Bone Turnover — Why Formation and Resorption Must Be Measured Together
Bone remodeling is a coupled process: osteoclasts resorb old bone matrix, and osteoblasts deposit new bone in the resorption cavity. In healthy bone, formation and resorption are balanced. In osteoporosis, resorption exceeds formation — but measuring only a resorption marker (e.g., CTX-I) tells you that bone is being lost, not whether formation is also suppressed. In bone metastases, both formation and resorption can be elevated simultaneously — a single marker misses the coupling. In anabolic therapy (e.g., teriparatide, romosozumab), formation markers rise before resorption — measuring both provides temporal resolution of the anabolic window. U-PLEX custom configuration enables simultaneous quantification of formation, resorption, and regulatory markers in a single panel — providing the coupled bone turnover profile essential for mechanistic interpretation of bone biology.
Bone Turnover Markers — Formation, Resorption & Regulation
- Bone Formation Markers: P1NP (procollagen type 1 N-terminal propeptide) — the most widely used bone formation marker, directly reflecting type I collagen synthesis by osteoblasts. Osteocalcin — osteoblast-specific protein incorporated into bone matrix; also functions as a hormone regulating insulin secretion and testosterone synthesis.

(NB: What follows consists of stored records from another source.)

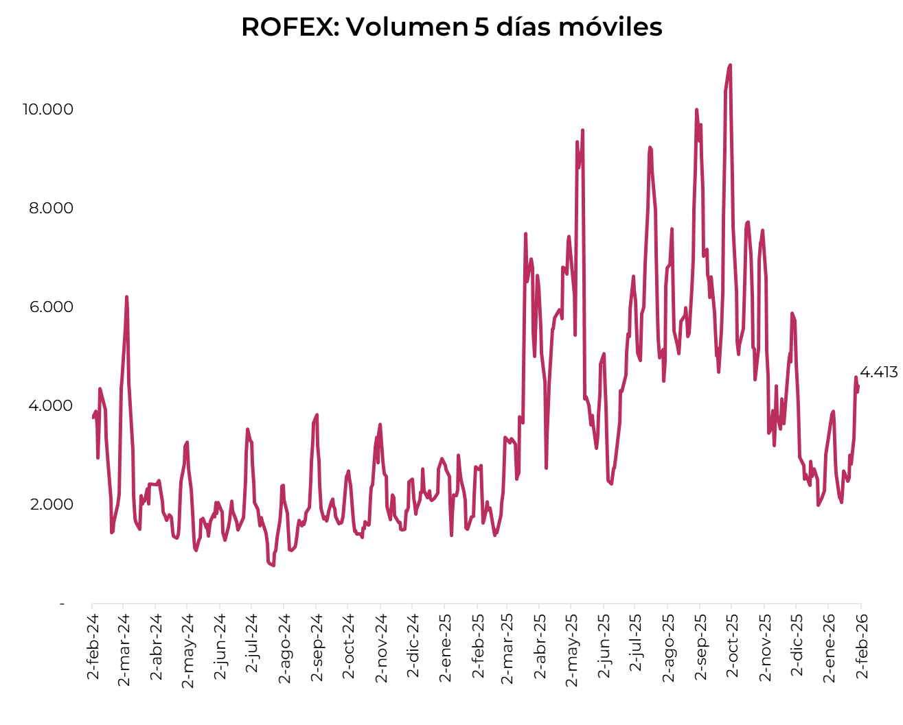 El volumen operado subió hasta niveles no vistos desde finales de noviembre. En las últimas cinco ruedas se comerciaron USD 4.413 M. El viernes 30 de enero el interés abierto cerró en USD 6.038 M, mostrando una suba de 11% m/m y de 45% a/a.
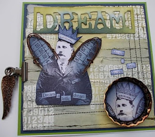 Tracy used a Mega Bottle Cap, edged in gold (try a paint dabber!), the Dream a Little stamp (you can also do this with a Stamp2Cut No. 2 Cartridge), the Dream die by Tim Holtz for Sizzix, and a nice wing like from Regal Adornments by Idea-ology!
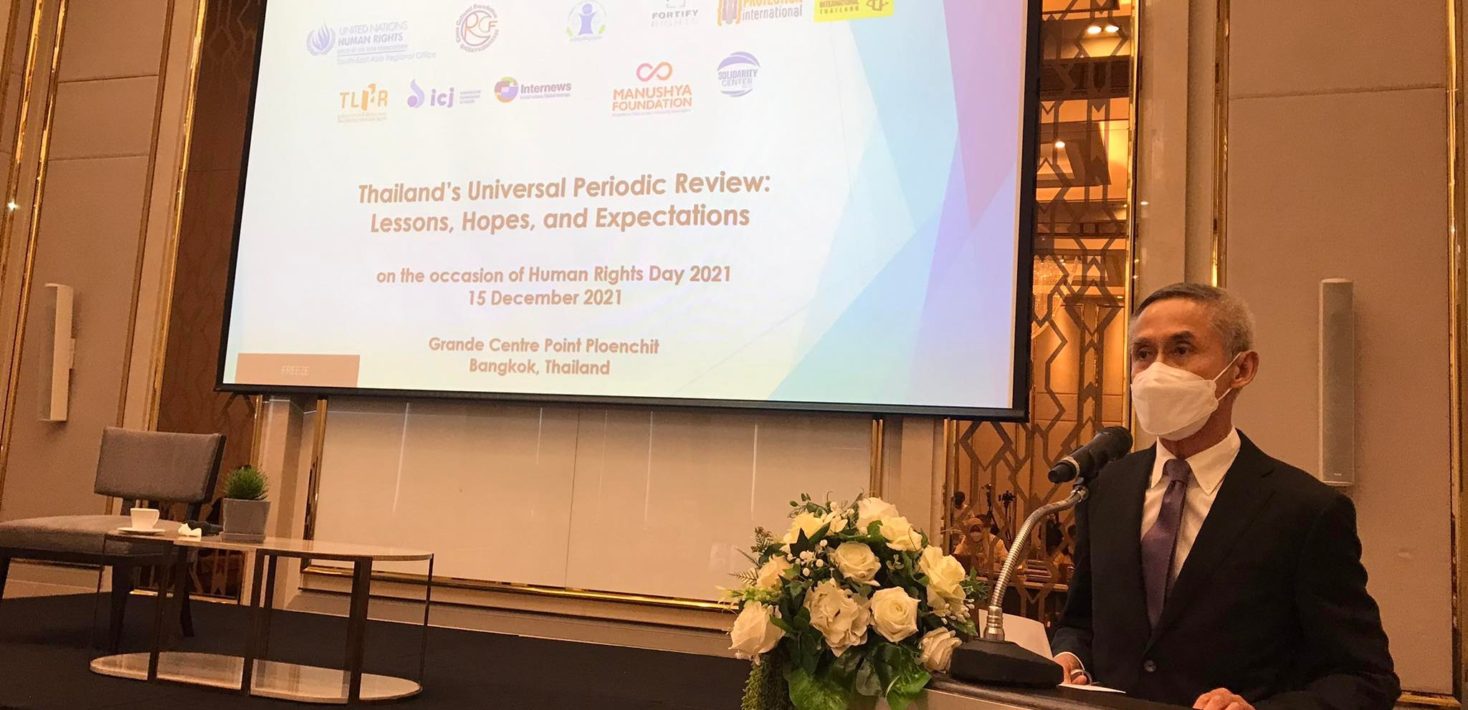 ซึ่งกล่าวในงานเสวนาเรื่อง “การทบทวนสิทธิมนุษยชนของประเทศไทยโดยกระบวนการ Universal Periodic Review: บทเรียน ความหวัง และความคาดหวัง” เนื่องในโอกาสวันสิทธิมนุษยชนสากล ประจำปี 2564 ที่ร่วมจัดโดย สำนักงานข้าหลวงใหญ่เพื่อสิทธิมนุษยชนแห่งสหประชาชาติ สำนักงานภูมิภาคเอเชียตะวันออกเฉียงใต้ ร่วมกับ แอมเนสตี้ อินเตอร์เนชั่นแนล ประเทศไทย มูลนิธิศูนย์ข้อมูลชุมชน มูลนิธิผสานวัฒนธรรม องค์กร Fortify Rights คณะกรรมการนิติศาสตร์สากล องค์กร Internews มูลนิธิมานุษยะ องค์กร Protection International องค์กร Solidarity Center และศูนย์ทนายความเพื่อสิทธิมนุษยชน

- Bone Resorption Markers: CTX-I (C-terminal telopeptide of type I collagen) — collagen degradation fragment released during osteoclast-mediated bone resorption; the most responsive resorption marker. RANKL — the key osteoclast differentiation factor; elevated in osteoporosis, bone metastases, and inflammatory bone loss.
- Regulatory Markers: Osteoprotegerin (OPG) — soluble decoy receptor that blocks RANKL; the OPG/RANKL ratio determines net bone resorption. PTH — parathyroid hormone regulating calcium homeostasis; continuously elevated PTH drives bone resorption (hyperparathyroidism). Vitamin D (25-OH) — essential for calcium absorption and bone mineralization.